My system has the Onkyo 606 and a Samsung tv. On the remote for the tv, try clicking source and scrolling until you find the component. HMDI will be for the tv. On mine av 1 is for the blueray


----------



## AllanJ (Nov 24, 2007)

Is the DVD player also connected to the TV using an HDMI cable?

If not, then you may need a cable set of the same kind as the DVD player uses (probably component video with red/green/blue ends) going between the receiver and the TV. You would need to use the TV remote to select the input (Video 4? Video 5?) where the cable set matching that of the DVD player was connected, as well as select DVD player on your receiver.

Some receivers take inputs of all kinds and send them as HDMI to the TV (so you don't need the middle paragraph above), other receivers don't.


----------



## Chokingdogs (Oct 27, 2012)

Well, the Onkyo has HDMI switching, so unless there's an issue with the receiver itself, that's not the problem.
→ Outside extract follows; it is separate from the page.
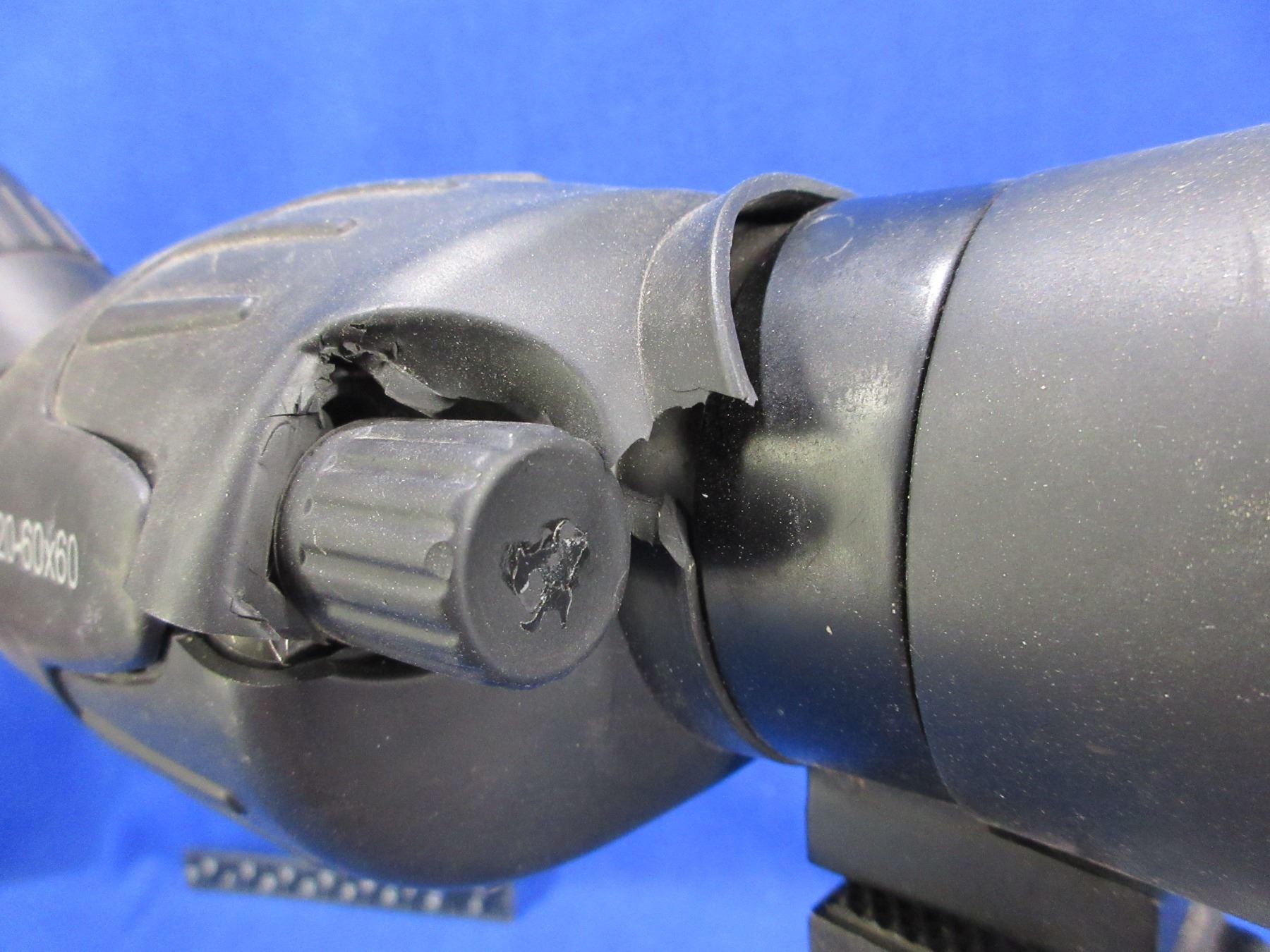 Bushnell Spotter 20-60x60 Spotting Scope with Tripod - Appears Clear - Rubber grip on scope has damage

I see it has labels for all the different HDMI inputs, and I assume you connected the Sony to the appropriate one, so that variable is out of the mix.

Some video devices "default" to a particular output, whether or not your Sony does I cannot say. But for example, since your DVD can display composite ( RCA ), S-video, as well as HDMI, it's possible it defaults to say, composite video. If that's the case, then you'd get nothing hooking it up by S-video or HDMI. That's highly unlikely though......especially if the DVD player isn't new, in other words, you've been watching on another TV.

Conversely, some receivers have inputs "deactivated", and one must manually activate a particular input. My older Denon receivers and Krell pre-amp have that, and go so far as to be able to assign ( de/activate ) audio inputs as either digital ( optical or composite ) or analog composite.

Check both the receiver and the DVD players' manuals for any defaulted audio/video paths, and if they have user selected in/outputs for them. It make take some time going back and forth, as manufacturers ( manual writers to be specific ), seem to take great pleasure in having the end user going all over creation in them in order to get things in harmony....


----------